Records from a data source:
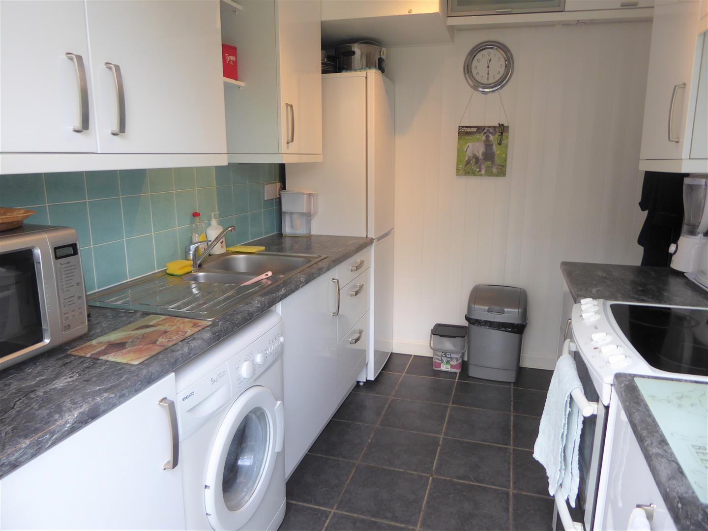 Re-Fitted Kitchen - 1 1/2 bowl single drainer stainless steel sink unit with mixer tap and cupboard below, further wall and floor mounted units, cooker, space for washing machine and fridge/freezer, tiled walls and flooring, rear aspect double glazed window and door to garden.
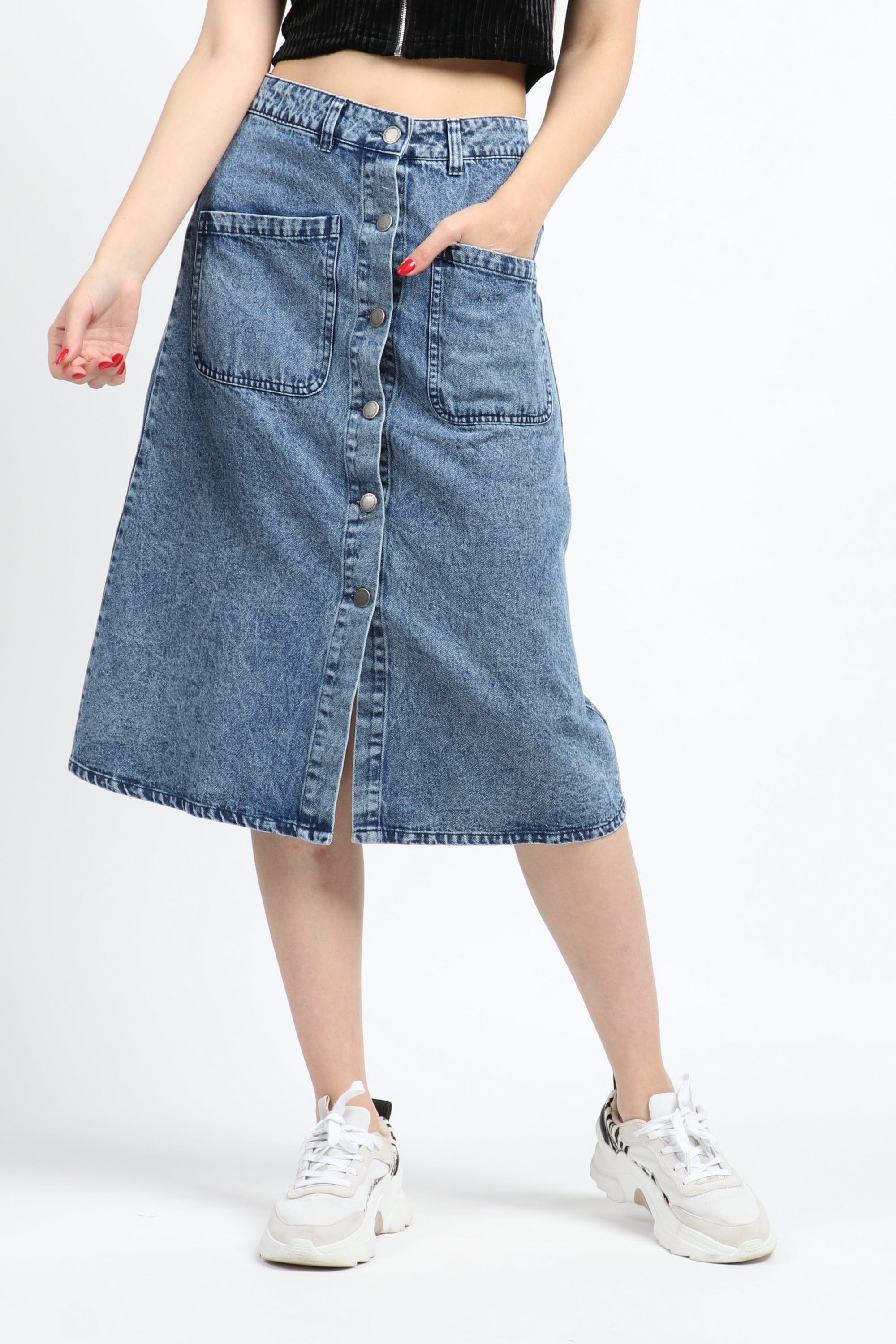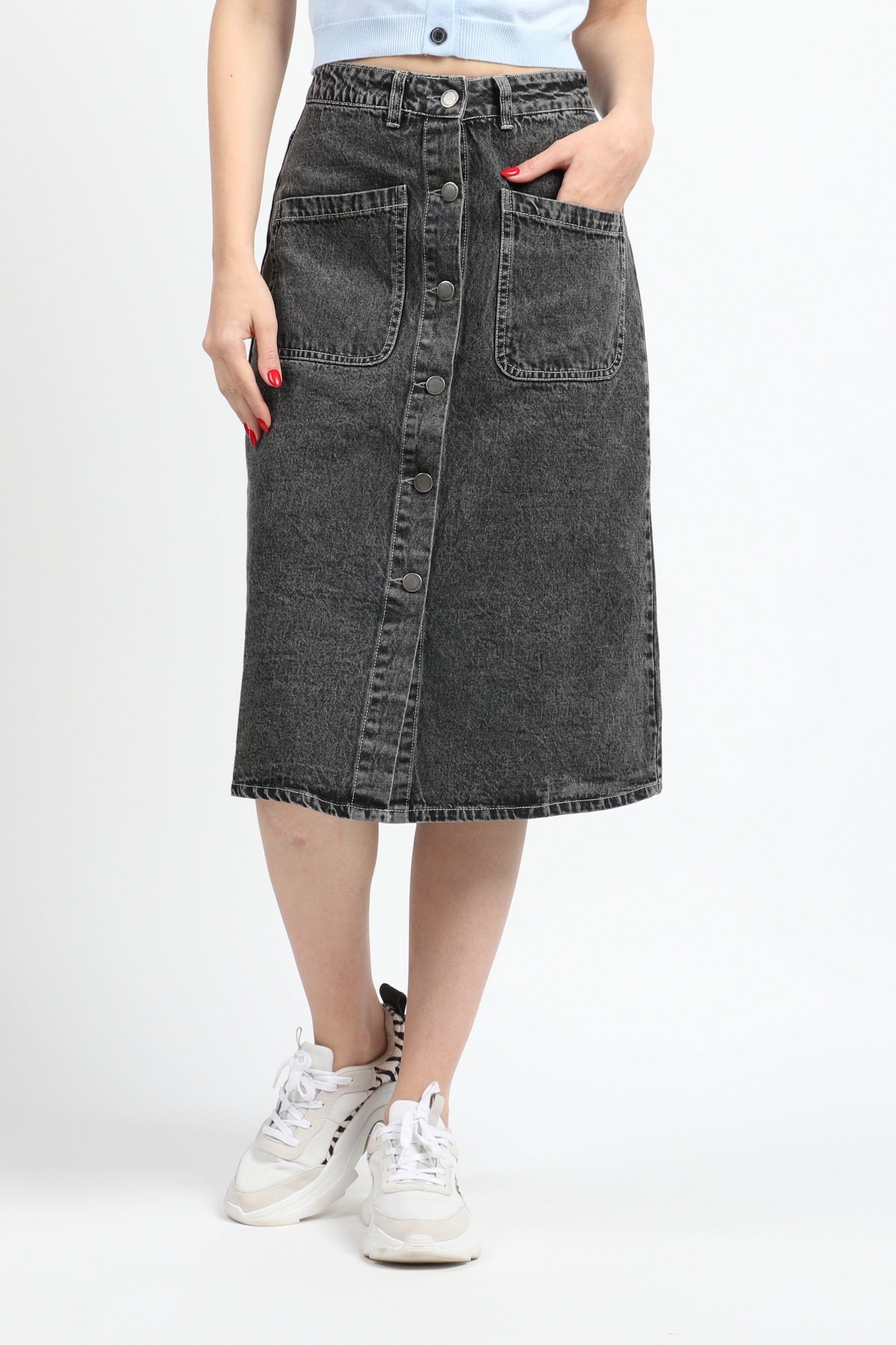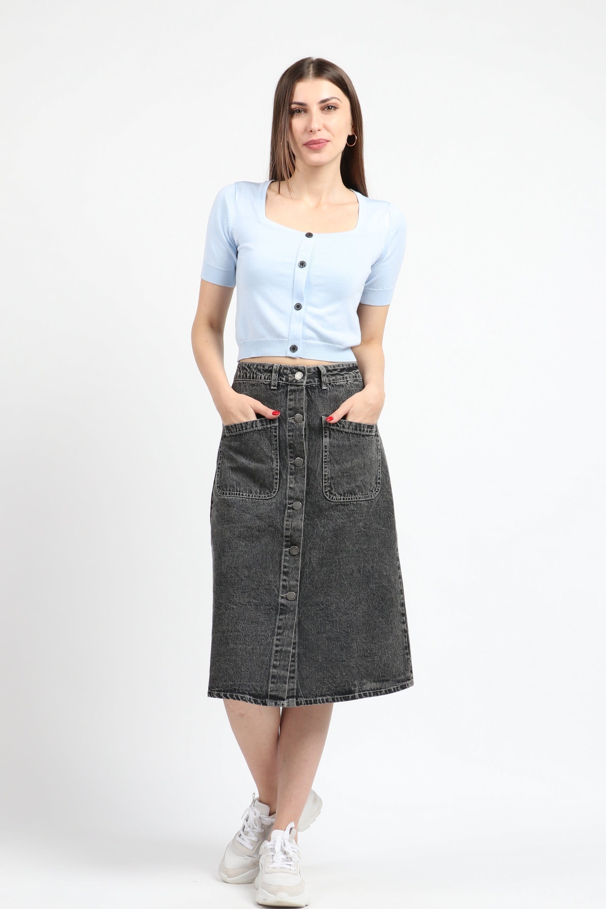 Stand out for a modern and elegant look with a midi denim skirt with front pockets and buttons from Kitschen. This skirt is available in a variety of colours including elegant black and attractive blue. This piece is designed with great elegance and its meticulous details make it perfect for any occasion. Front pockets and buttons add a modern and functional touch to the skirt. Style it with a chic blouse and high heels for a feminine look. Get now a denim skirt with front pockets and buttons from Kitschen Get ready for a great look. Order it now and enjoy the best fashion from Fashion Saudi Arabia. Product Number: 66-0021
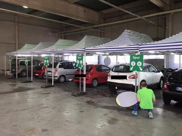 Die Standorte für die Sammelbesichtigungen sind nach folgendem Drive-in-Prinzip konzipiert: Für jeden Sachverständigen ist eine Spur eingerichtet, auf der die Kunden ihre Fahrzeuge zur Besichtigung vorführen. Pro Woche werden aktuell rund 800 Fahrzeugen bei den Sammelaktionen begutachtet.
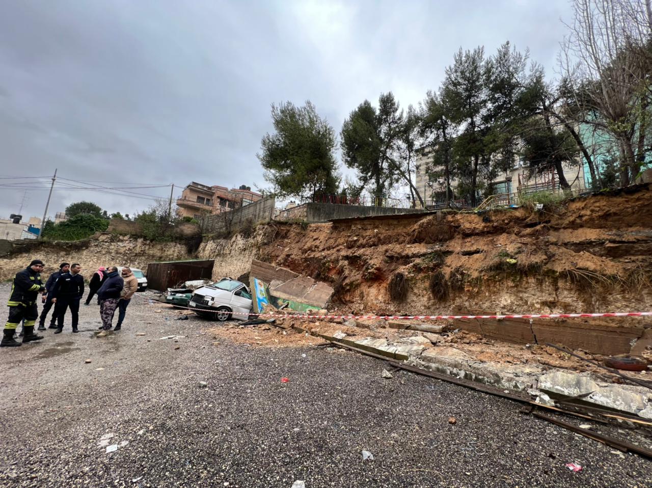 وأشار الى أن جدارا استناديا انهار على عدد من المركبات المتوقفة داخل موقف للمركبات في شارع القدس في مدينة البيرة، دون وقوع إصابات بشرية.
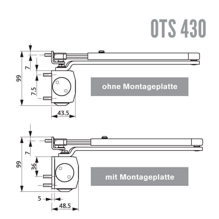 Details zu "G-U-Türschließer mit Gestänge Nr. OTS 430 silber/ Größe EN 2-5 / silberf./ 1250mm max. Flügelbreite"

Exercise details:
Pictures excluded, set down all the entries exactly.

Exercise response:
 Re-Fitted Kitchen - 1 1/2 bowl single drainer stainless steel sink unit with mixer tap and cupboard below, further wall and floor mounted units, cooker, space for washing machine and fridge/freezer, tiled walls and flooring, rear aspect double glazed window and door to garden.
 Stand out for a modern and elegant look with a midi denim skirt with front pockets and buttons from Kitschen. This skirt is available in a variety of colours including elegant black and attractive blue. This piece is designed with great elegance and its meticulous details make it perfect for any occasion. Front pockets and buttons add a modern and functional touch to the skirt. Style it with a chic blouse and high heels for a feminine look. Get now a denim skirt with front pockets and buttons from Kitschen Get ready for a great look. Order it now and enjoy the best fashion from Fashion Saudi Arabia. Product Number: 66-0021
 Die Standorte für die Sammelbesichtigungen sind nach folgendem Drive-in-Prinzip konzipiert: Für jeden Sachverständigen ist eine Spur eingerichtet, auf der die Kunden ihre Fahrzeuge zur Besichtigung vorführen. Pro Woche werden aktuell rund 800 Fahrzeugen bei den Sammelaktionen begutachtet.
 وأشار الى أن جدارا استناديا انهار على عدد من المركبات المتوقفة داخل موقف للمركبات في شارع القدس في مدينة البيرة، دون وقوع إصابات بشرية.
 Details zu "G-U-Türschließer mit Gestänge Nr. OTS 430 silber/ Größe EN 2-5 / silberf./ 1250mm max. Flügelbreite"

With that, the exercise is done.